Of course, the funny thing about Couric’s challenge, when seen through an it’s-all-about-me lens, was the ways that this “new” 10-day challenged overlapped so perfectly and precisely with the final days of my HCG journey. So for me, the “challenge” to avoid added sugars was pretty much routine by the time Couric was talking about it on the news shows.

But that’s just me. I find myself wondering how many folks have chosen/will choose to take this project on.  The website currently lists close to 28,000 registrants, but my mind is racing with so many possibilities — some significant portion of those folks may have tried and stopped, or there could be many more folks who are doing the challenge without registering, and there may be folks who come across the film and the challenge in weeks to come who add themselves to the list of participants — that I can’t tell if the figure of 28,000 participants is a Mama Bear, Papa Bear, or Baby Bear kind of number. (Too big, too small, or just right?)

And whatever the number of participants is, I wonder how many of them are being impacted by the experience. Do they find the preponderance of sugar on food labels as shocking as I did? Are they contemplating changing the structure of their food habits, or are they waiting out the time before going on the next sugar binge? (And, to stop deflecting and judging others and instead to take my own damn inventory: which of those possibilities will be my path? I’ve already had some cheese popcorn and a small piece of chocolate tonight, so it didn’t take me hardly any time post-HCG to dip my toe back into the addictive waters…)

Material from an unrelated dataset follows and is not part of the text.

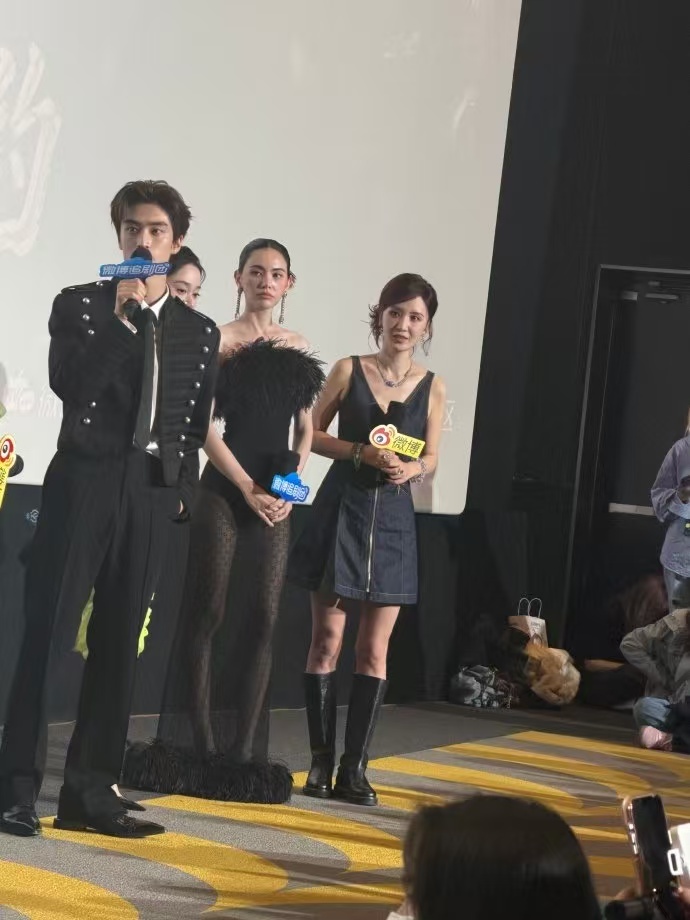 C位给主演张萌站一边 张萌当制片人就是那种会为演员着想的人,自己演最难的角,把好的留给别人,合照还主动站边上。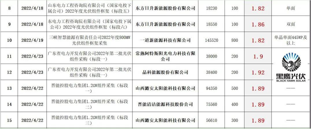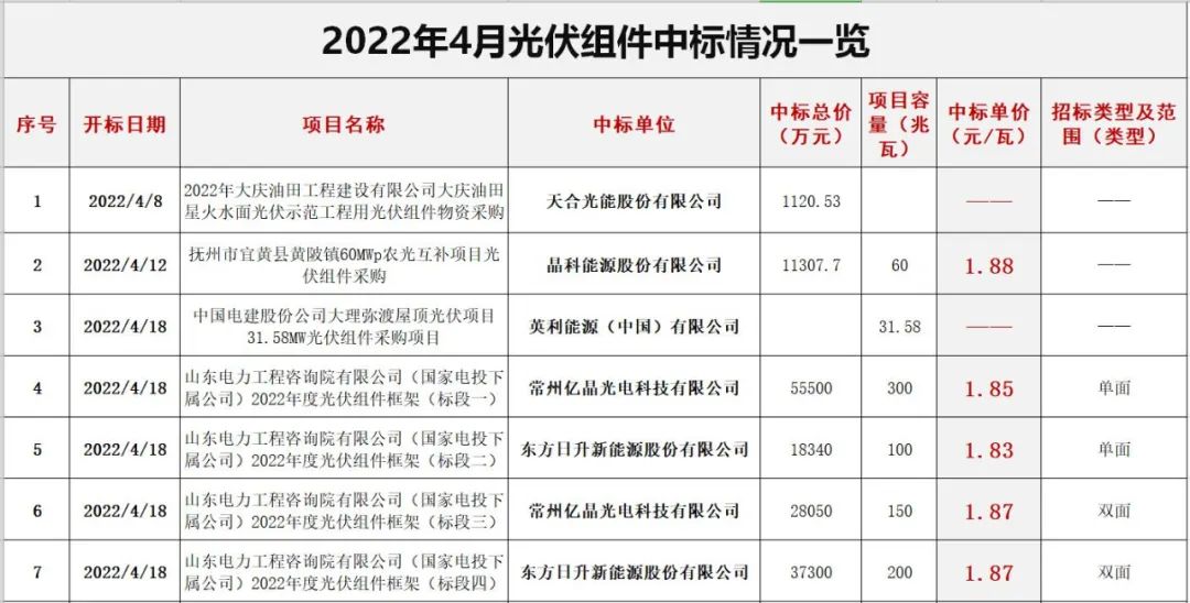 综合各方信息,4月组件中标均价为1.878元/W,与3月中标单价对比来看,略有上涨。进入5月后,受原材料采购价格的影响,光伏组件单价居高不下,光伏组件单价普涨5分,单价1.9元/W已是“友情价”,最高已超2元/W!

Bittner is hopeful that the movie will make an impact on the American public:

The movie addresses what the former Food and Drug Administration commissioner David Kessler calls “one of the great public health epidemics of our time.” The greater public needs to know that.

As of this writing, the movie is in 19 markets, and doing well. If it were in hundreds of theaters, it would probably change more lives than any movie released this year, because if people see the film, they will get the message. It’s not a subtle one.

And it certainly seems as if there’s enough fear of impact that the inevitable backlash from the corporate machine has started. (As, thankfully, has the backlash against the backlash, most cogently embodied by Boston’s own* Union of Concerned Scientists.)

So, I remain curious to see how this will unfold.

———-

I’m also feeling into the question of whether I’m going to see the movie, and if so, when and where I will choose to do so. I have some hesitation because of all the ways I expect the film will give me stabby feelings. Both in the desire to strike out against the food industry, but also, I fear, in my desire to take a knife to the filmmakers themselves.

Because I am pretty damn sure that the film’s argument in many instances is going to boil down to “It’s sugar’s fault for making us fat!” After all, the HuffPo teaser for the film from which I got the poster, above, leads not with the scientifically accurate and scarier facts about diabetes and the food industry, but instead with society’s true monster-under-the-bed: being fat!**

The more nuanced and accurate perspective would be to say: “Sugar causes numerous health challenges and deficits which are sometimes but not always correlated with (not causing) weight gain, so we should focus on the sugar and not on monitoring people’s body size.”

Anyone want to quote me Vegas odds for that possibility? Don’t bother: I know full well there’s not a snowball’s chance in Rome of seeing that inconvenient polemic anywhere in Fed Up. More’s the pity.

* Okay, “Cambridge,” not Boston proper. I’m still having some hometown pride…

** And believe me when I say that was the least offensive of the options I found to link to as image sources.